A Java EE Startup: Filtering Information with zeef.com
Arjan, could you please briefly introduce yourself? How did you started with Java SE/EE?
I've been working with computers and programming for a long time. Started on the commodore 64 when I was but a small kid and engaged with programming almost right away. I studied computer science at the University of Leiden, where I specialized in high performance computing.
I "started" with Java around 1997. I think my very first contact with Java was when helping out my sister who studied math at the Free University of Amsterdam. They used Java there. I was more of a C++ programmer at the time, but the syntax was close enough to be able to help.
After that I got curious about this new Java thing and started to look more and more into it. My jobs however were still mostly C++. I did a few applets for my homepage at the university, ported a few games that I made for myself from C++ to Java, and I had one job where I coded a small desktop application using Java, but that was about it.
It wasn't until 2003 that I really deep-dived into Java and started to use it daily at m4n.nl, which was a startup too back then using Java EE.
Currently I'm a member of both the JSF EG as well as the Security EG.
What is the idea / business case behind zeef.com?
Zeef.com effectively tries to filter the world's information by adding a human element to search. A search engine like Google is of course unparalleled when you're searching for a very specific thing, like say a specific exception. But search engines don't actually say much or anything about the quality of links. Does a certain result appear at the first position of a search result because it's the best one, or just because it had the best SEO applied to it?
This is where zeef comes in. People who are knowledgeable about a certain field and are recognized by their community collect and rank all the best links for a certain subject. For example, Bauke Scholtz (BalusC) is a well known JSF expert and his zeef page at jsf.zeef.com/bauke.scholtz contains all the links for JSF that he thinks are the best ones, organized in blocks.
A distinguishing feature is that you can take those blocks and share them on the web, e.g. put them on your blog or in the side bar of your site. If you re-order the links in that block on your zeef page, these changes will be reflected wherever you shared that block.
A key element is that on zeef no one can exclusively claim a subject. If someone else thinks they can make a better page, or just a page that approaches the same subject from a different angle, they can do that.
What is the zeef.com architecture?
At the highest level we primarily have a server for the website itself, one that runs (overnight) jobs, one for our API, three servers that serve out the widgets and one for the database (PostGreSQL).
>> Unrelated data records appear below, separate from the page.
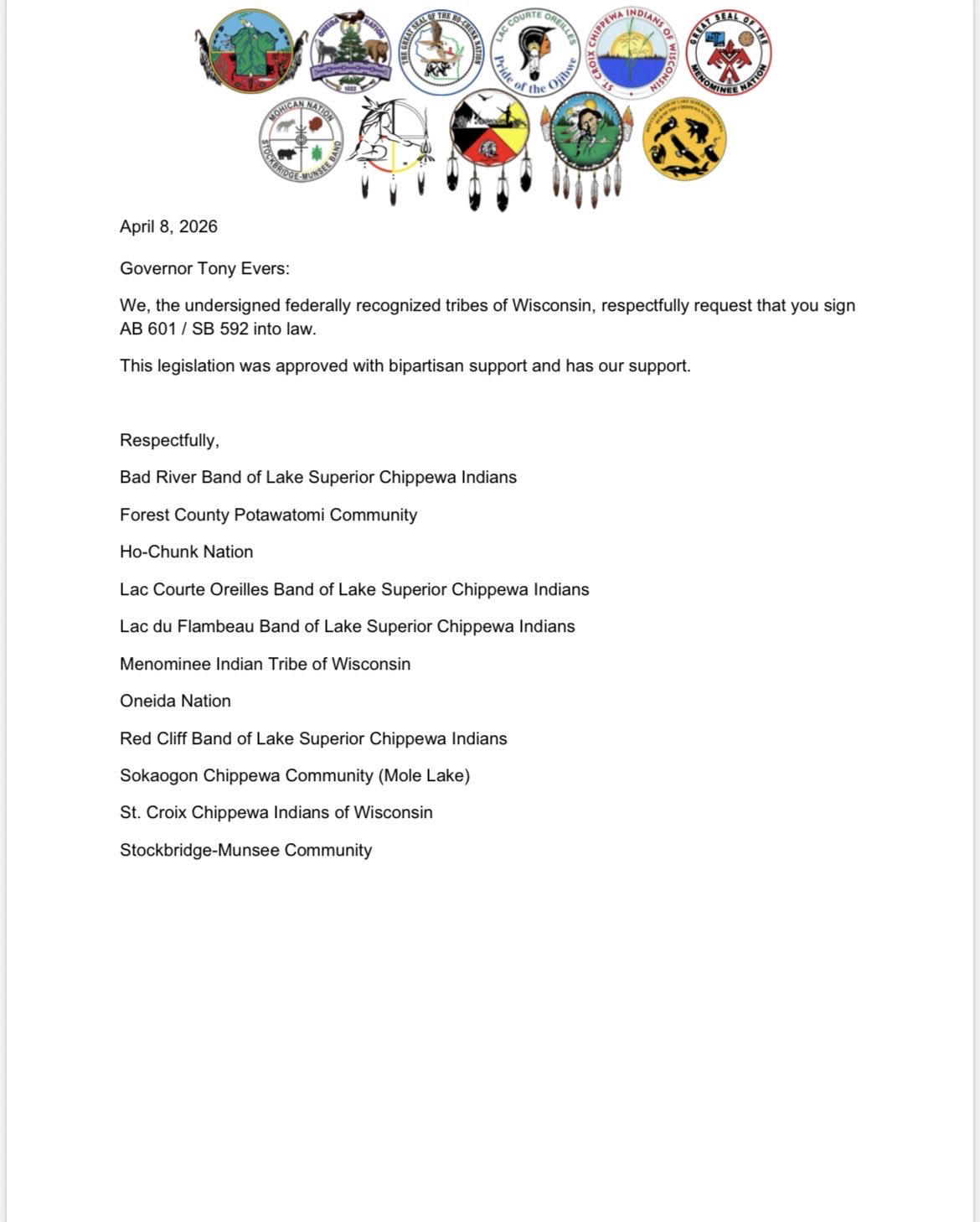 Evers had expressed concern over all of the state’s 11 federally recognized tribes being in agreement on the parameters of the bill, but in a letter sent by the tribes April 8 leaders formally requested the Governor sign the legislation.
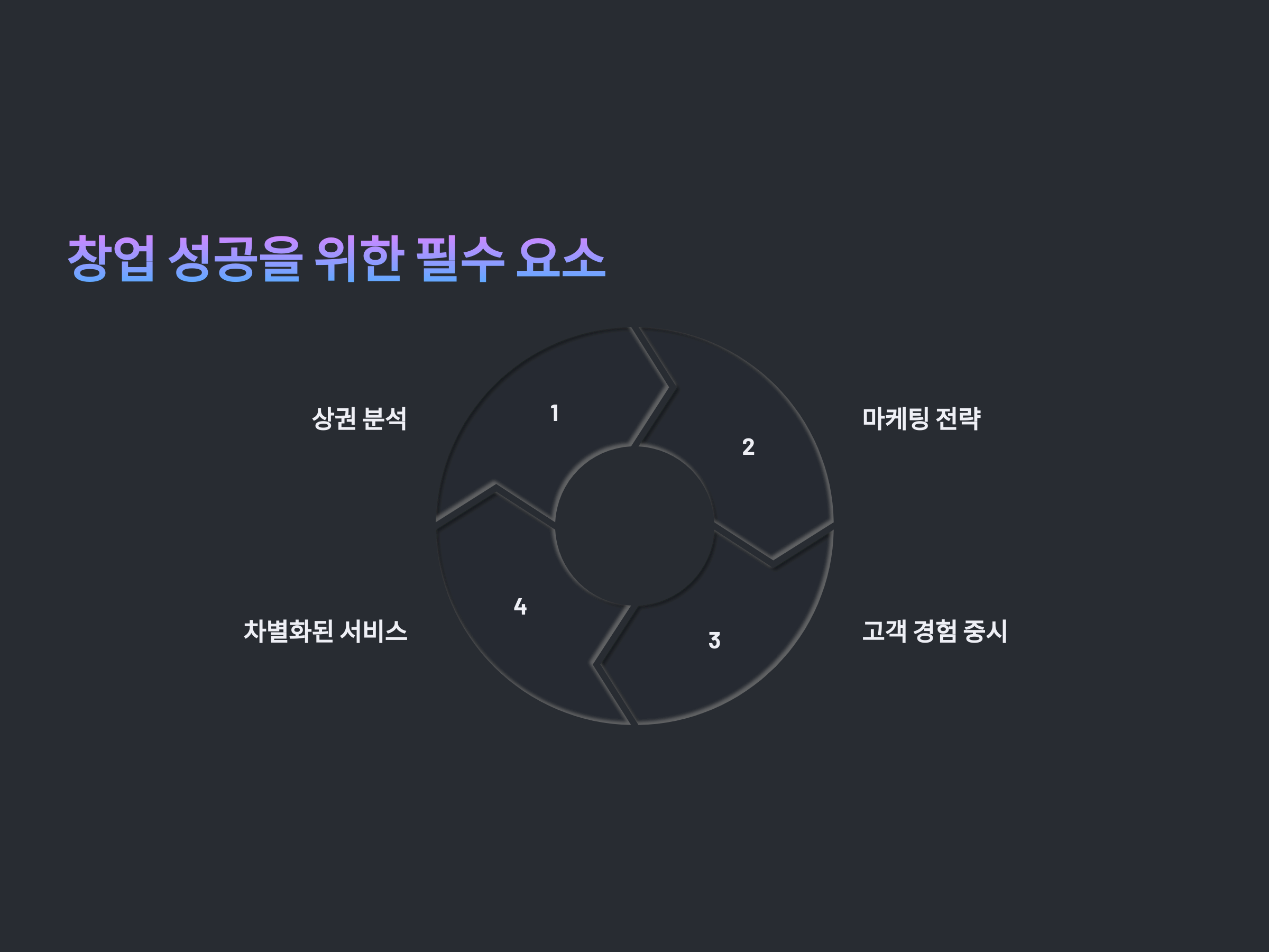 상가 창업에서 가장 중요한 요소는 상권 분석과 마케팅 전략입니다. 상권을 잘 분석하여 소비자층에 맞는 창업 아이템을 선택하고, 효과적인 마케팅 전략을 통해 브랜드 인지도를 높이는 것이 성공적인 창업으로 이어집니다.
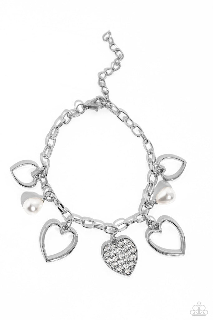 Glistening silver heart silhouettes, white potato pearls, and a white rhinestone-encrusted silver heart frame dangle from a classic silver chain link around the wrist, resulting in a romantic fringe. Features an adjustable clasp closure.
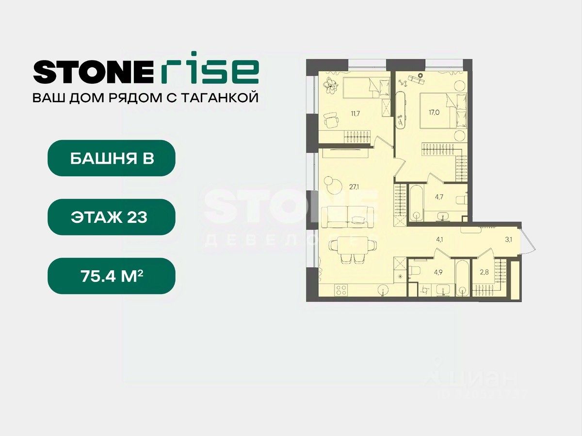 Девелопер STONE - девелопер коммерческой и жилой недвижимости классов бизнес и премиум в Москве с 18-летним опытом. С 2022 года занимает лидирующую позицию на офисном рынке (рейтинг РБК). Сегодня в портфеле девелопера представлено 2,5 млн кв. м построенных, строящихся и проектируемых объектов, из которых более 850 тыс. кв. м находятся в стадии строительства.
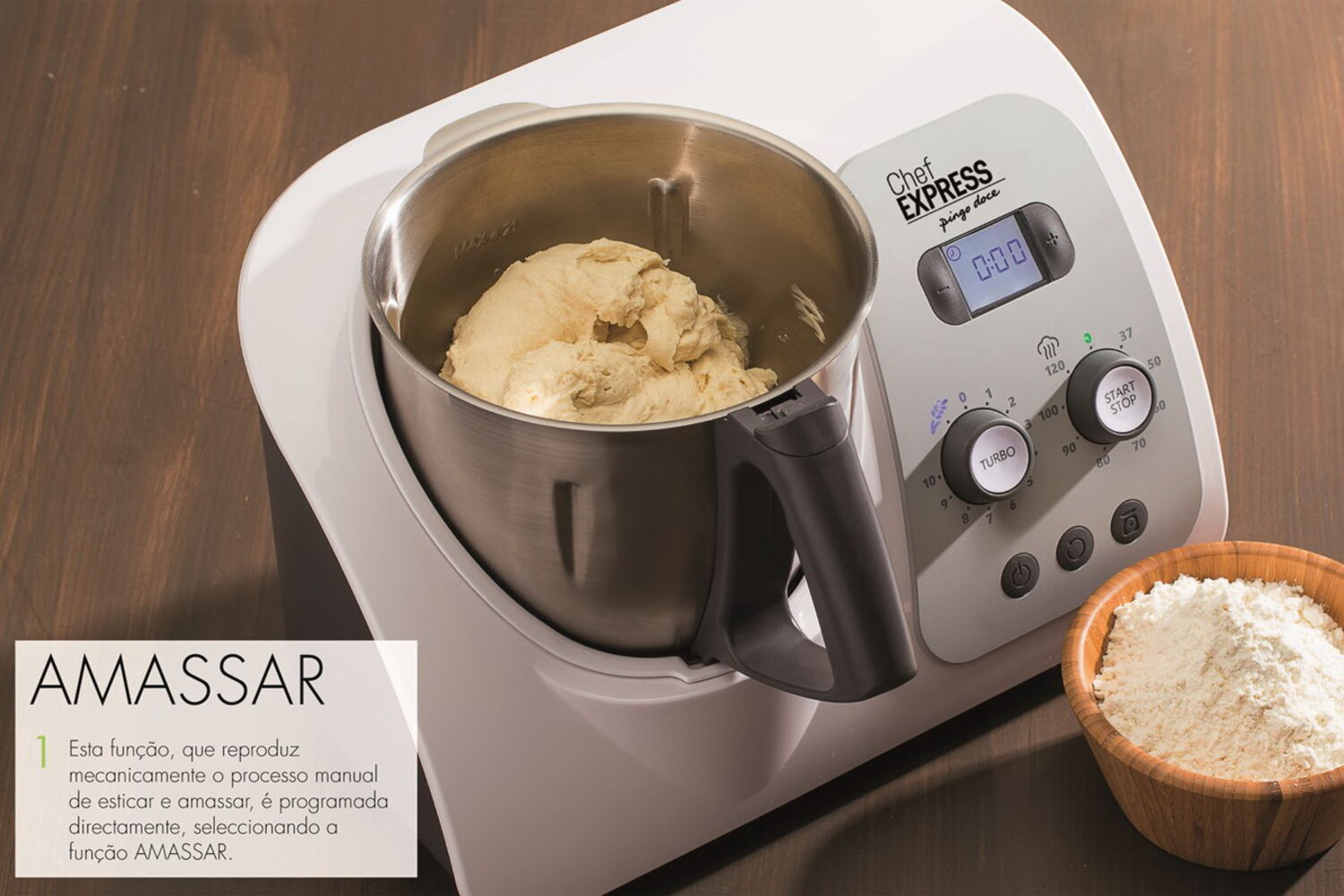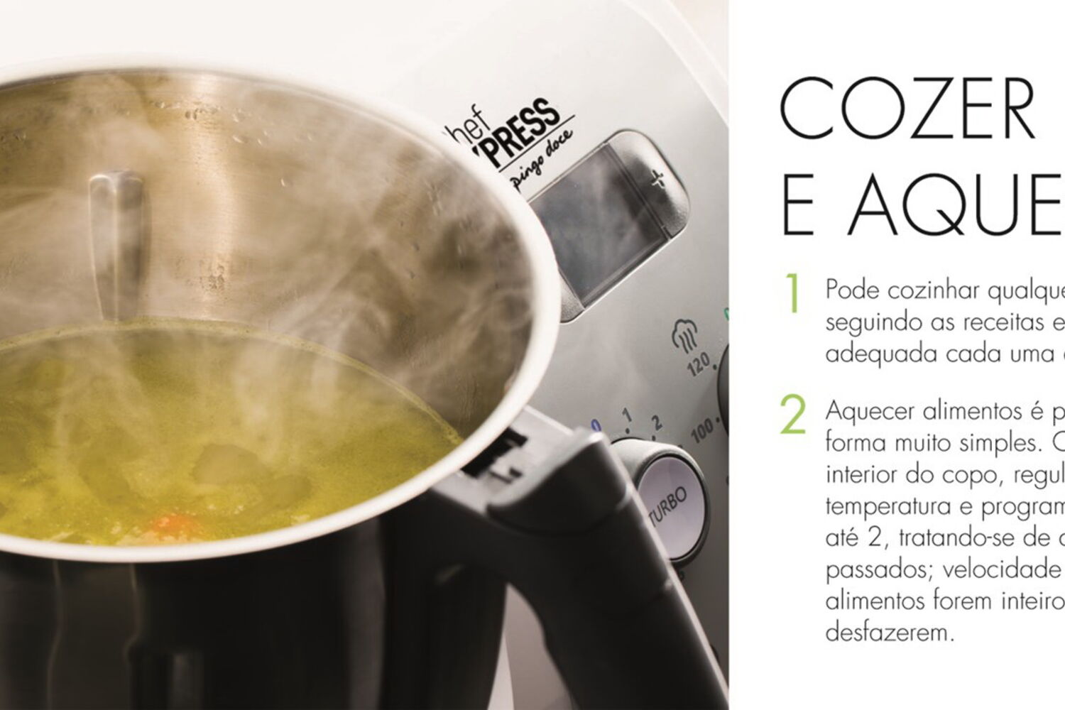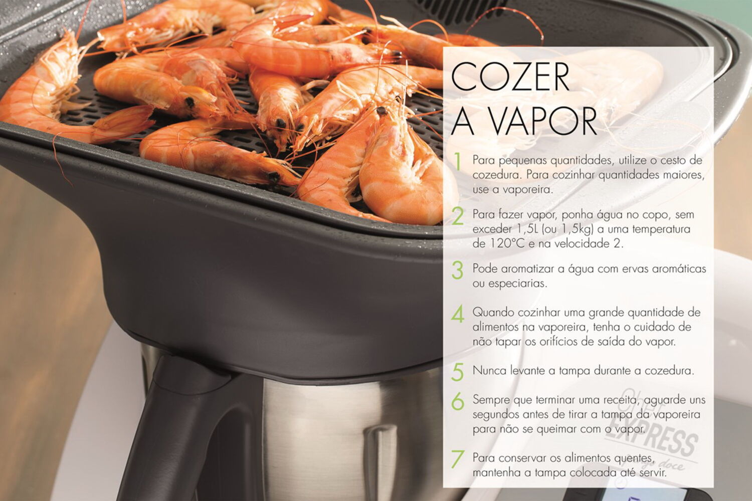 Quem não deseja uma máquina multifunções que substitui praticamente todos os outros eletrodomésticos e põe de lado um conjunto alargado de tachos e panelas? Que pesa, prepara e cozinha os alimentos de forma fácil, rápida e conveniente? Tudo isto sem a necessidade de ter constantemente os olhos postos no fogão. A Chef Express reúne todas as técnicas necessárias para cozinhar: pesa, pica, pulveriza, mexe, amassa, bate, mistura, tritura, emulsiona e coze de diferentes formas, até a vapor. Além disso, vem com um livro com mais de 200 saborosas receitas e com todos os acessórios de que vai precisar.
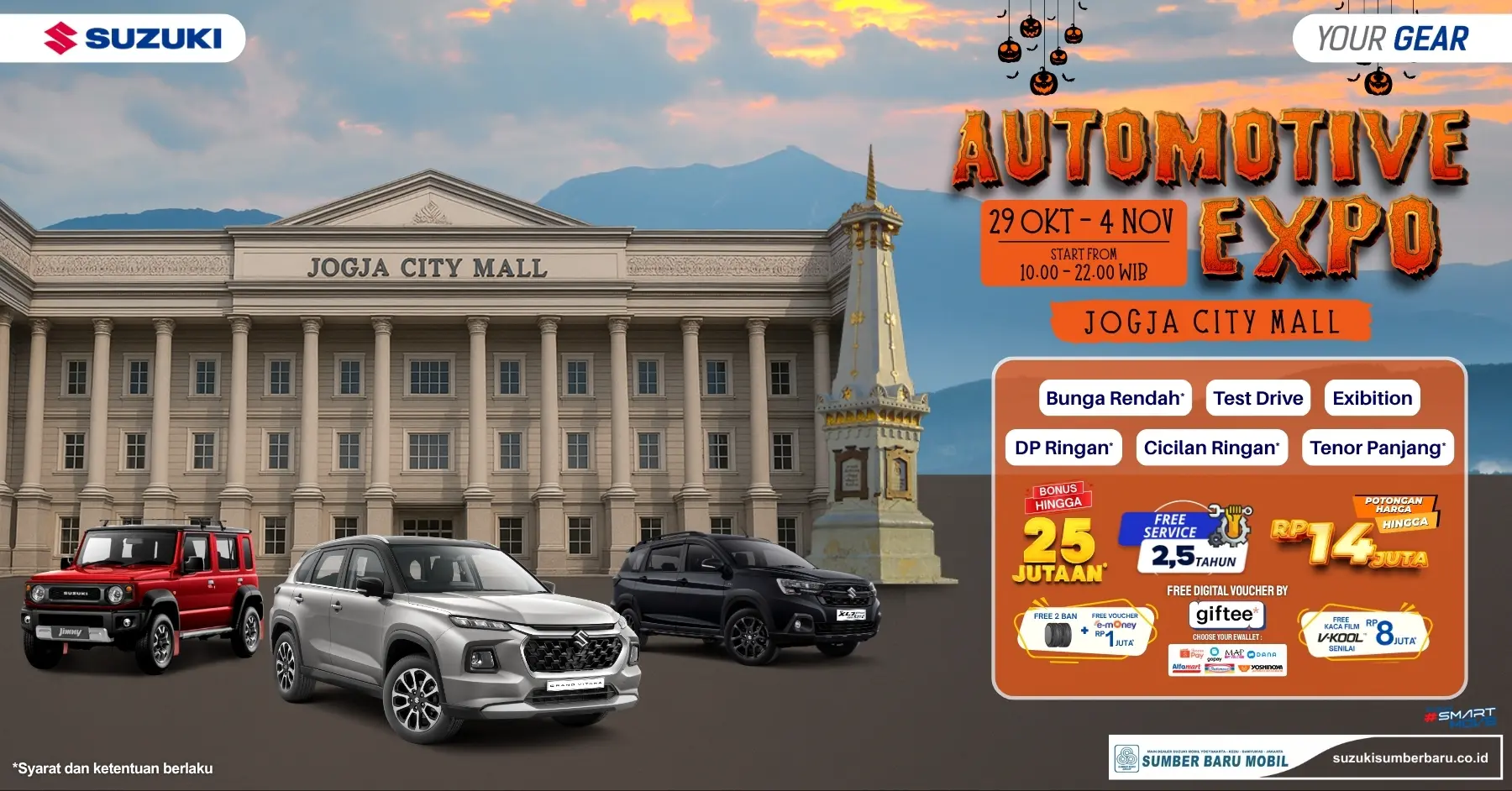Yogyakarta – Suzuki Sumber Baru Mobil kembali menghadirkan pameran otomotif spesial bertajuk “Suzuki Automotive Expo” yang berlangsung di Jogja City Mall mulai 29 Oktober hingga 4 November 2025, pukul 10.00–22.00 WIB.
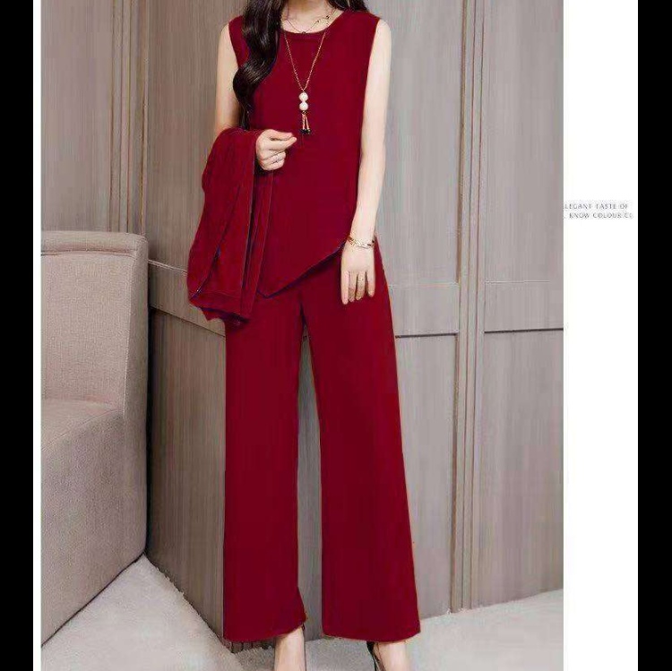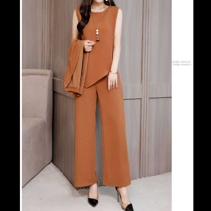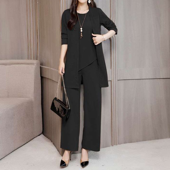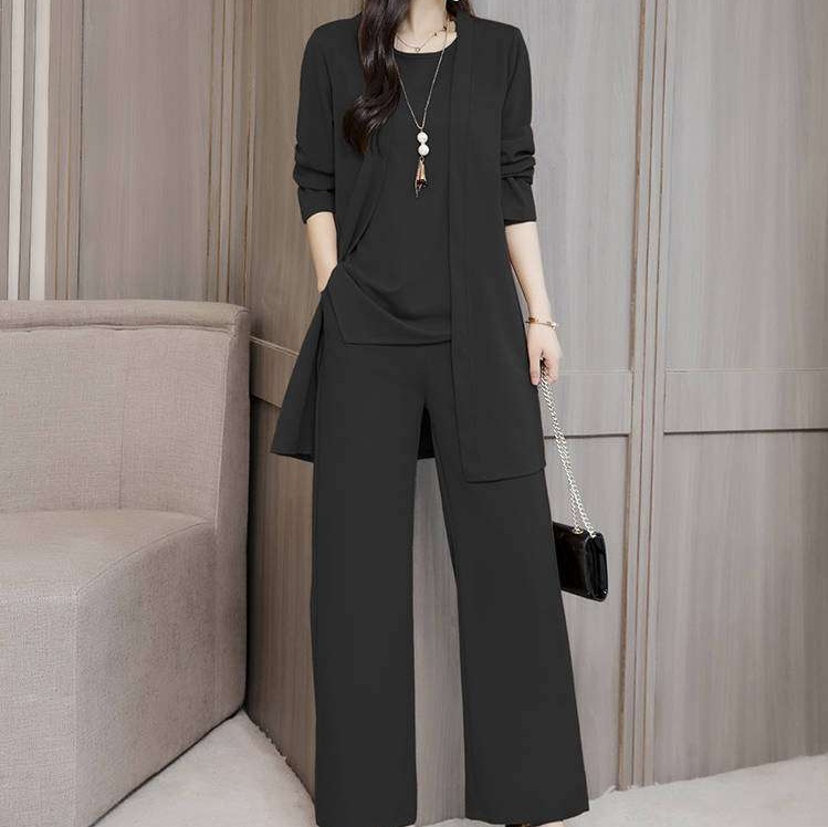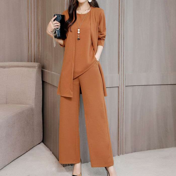 洗練されたデザインのワイドパンツと長めの羽織のセットアップ。上品な雰囲気と快適な着心地を両立。オフィスや特別な場面に適した、女性らしさを引き立てる一着。アクセサリーとの相性も抜群。
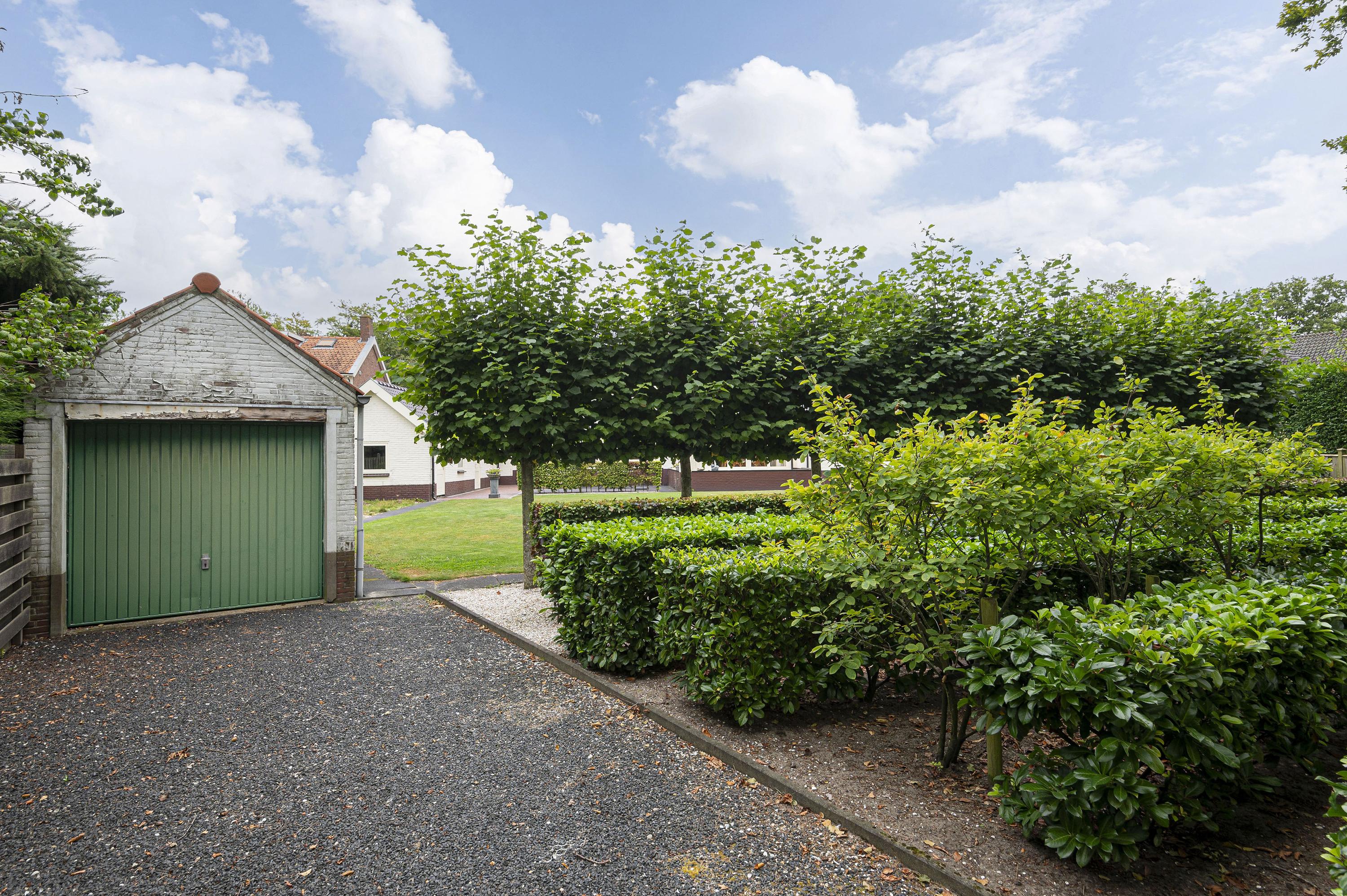 Fraai aangelegde tuin met twee oprijlanen, meerdere terrassen en biedt aan zee aan speelruimte voor de kinderen. De garage heeft een apart toilet en biedt genoeg ruimte voor de auto. Daarnaast is er nog een extra garage aan de achterzijde gelegen, welke een oppervlakte heeft van ca 16m².

Static resources, such as images and custom CSS are cached by the Apache frontend servers that proxy these via a separate cookieless domain (zeef.io). These servers are loosely clustered via an Infinispan cluster, which however doesn't send actual data through the cluster but only (async) invalidation messages.
For the implementation we use Java SE 8 and Java EE 7. The application server is WildFly 8.2, which we self-build and patch when needed. We always deploy one application (one archive) to one AS instance. Building a new AS and deploying it to a server is approximately the same process as building the application archive and deploying it.
The application archive we use is the EAR. We contemplated using the simpler WAR format when we started, but a rudimentary layering between business code in the EJB module and web code in the web module, as well as a straightforward conf/ directory in the root of the EAR swayed us to the EAR format.
The frontend is build using JSF, with CDI backing beans and Bean Validation constraints. Where Bean Validation constraints are not convenient we use native JSF validators.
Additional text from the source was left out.